Exercise directions -
If a line below falls between the line with "그리고 7건 정도면 학원 규모 대비 평가서가 많이 접수된 편입니다." and the line with "9月1日下午,國家主席習近平在北京人民大會堂同來華進行國事訪問的貝寧總統塔隆舉行會談。新華社記者 翟健嵐 攝", or is one of those two, output it exactly; output nothing else and no pictures.

Material shown -
════

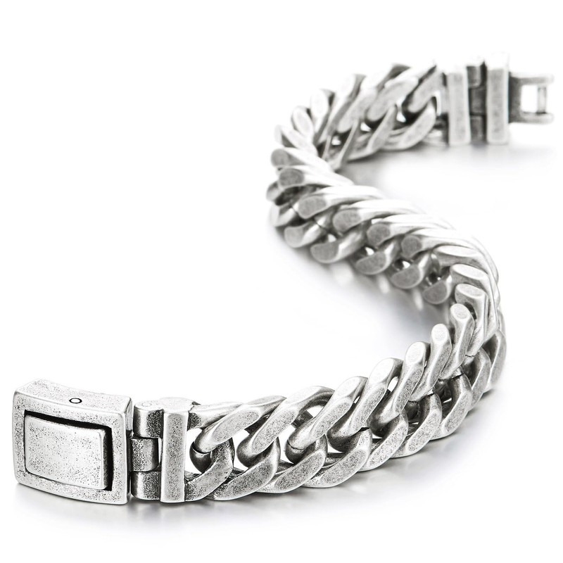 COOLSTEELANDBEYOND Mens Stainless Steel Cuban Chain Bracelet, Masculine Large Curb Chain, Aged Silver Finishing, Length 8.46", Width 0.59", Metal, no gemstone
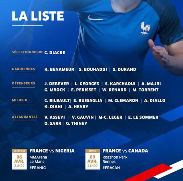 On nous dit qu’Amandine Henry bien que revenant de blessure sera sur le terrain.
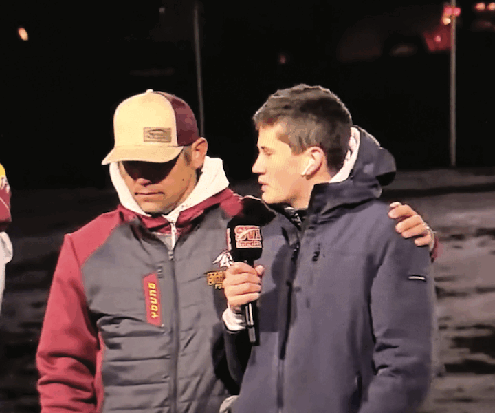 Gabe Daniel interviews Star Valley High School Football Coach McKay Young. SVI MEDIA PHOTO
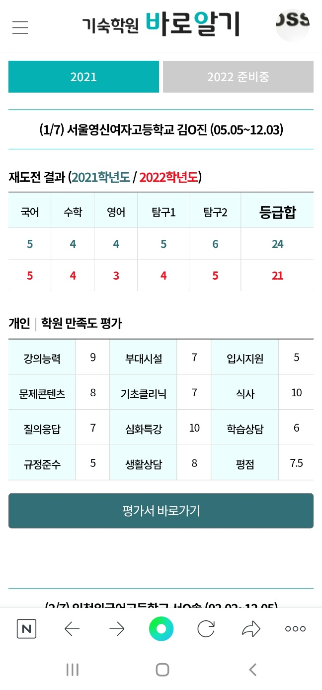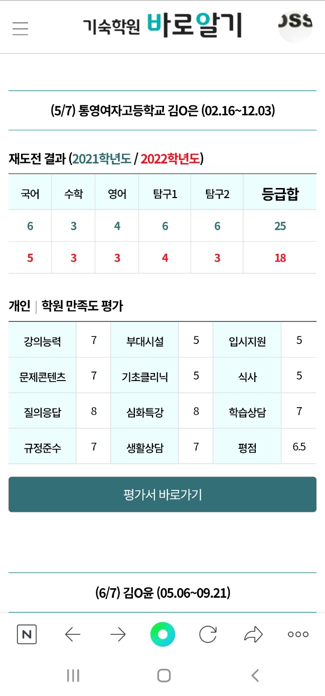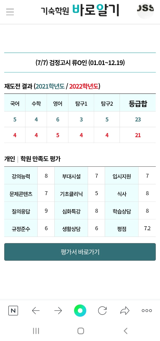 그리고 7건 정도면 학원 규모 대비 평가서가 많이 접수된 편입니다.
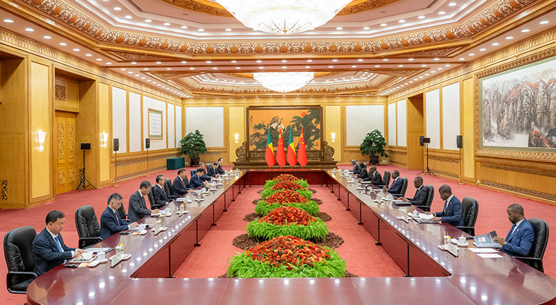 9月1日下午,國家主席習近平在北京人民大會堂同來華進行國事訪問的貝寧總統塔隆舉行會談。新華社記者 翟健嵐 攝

════

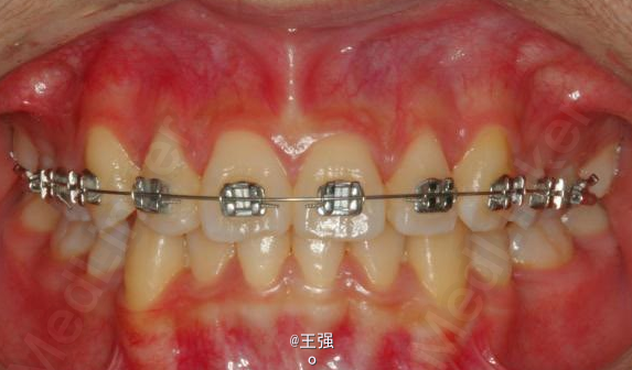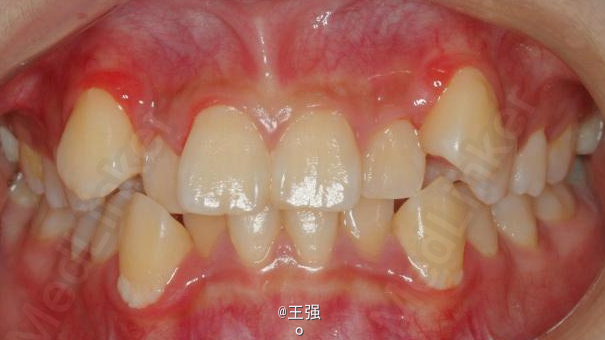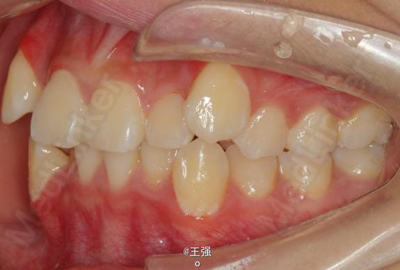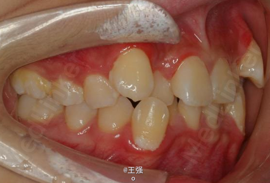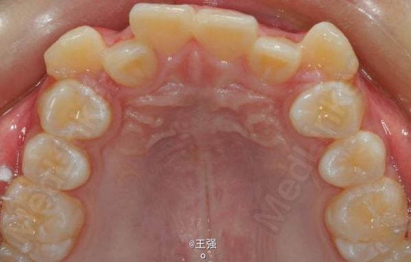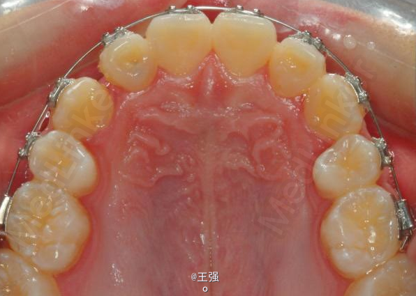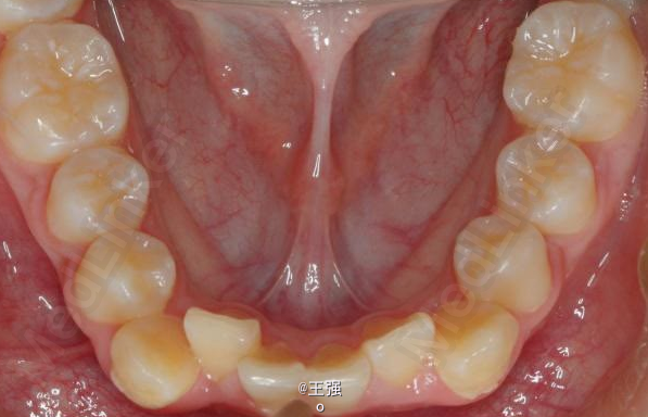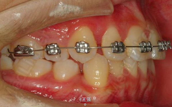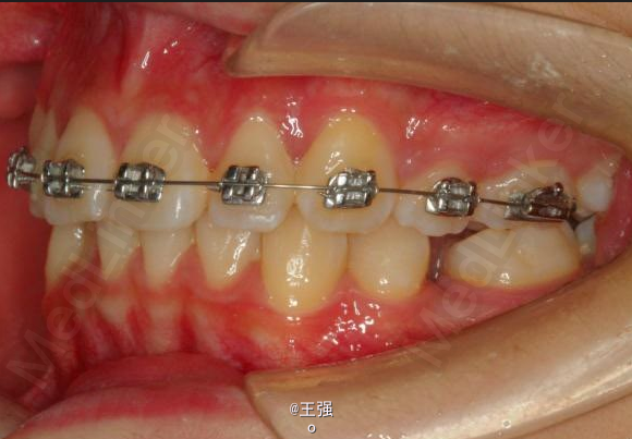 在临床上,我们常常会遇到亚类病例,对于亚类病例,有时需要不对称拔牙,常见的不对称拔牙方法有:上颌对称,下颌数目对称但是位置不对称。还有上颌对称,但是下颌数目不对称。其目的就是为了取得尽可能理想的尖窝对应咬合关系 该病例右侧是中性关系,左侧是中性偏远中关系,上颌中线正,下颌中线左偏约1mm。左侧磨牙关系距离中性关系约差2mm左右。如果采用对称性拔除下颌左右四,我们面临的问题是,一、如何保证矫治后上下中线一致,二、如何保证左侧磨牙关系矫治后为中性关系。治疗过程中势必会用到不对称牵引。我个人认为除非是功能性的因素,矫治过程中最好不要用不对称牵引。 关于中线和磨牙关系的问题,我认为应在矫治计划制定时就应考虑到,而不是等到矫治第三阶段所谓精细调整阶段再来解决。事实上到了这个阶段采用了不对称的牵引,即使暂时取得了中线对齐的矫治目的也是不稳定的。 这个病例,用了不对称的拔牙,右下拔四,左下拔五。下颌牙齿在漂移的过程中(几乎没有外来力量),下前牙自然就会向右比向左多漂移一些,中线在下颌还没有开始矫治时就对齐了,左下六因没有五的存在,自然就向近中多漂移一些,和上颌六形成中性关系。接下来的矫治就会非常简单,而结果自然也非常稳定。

════

Answer to this task -
 그리고 7건 정도면 학원 규모 대비 평가서가 많이 접수된 편입니다.
 9月1日下午,國家主席習近平在北京人民大會堂同來華進行國事訪問的貝寧總統塔隆舉行會談。新華社記者 翟健嵐 攝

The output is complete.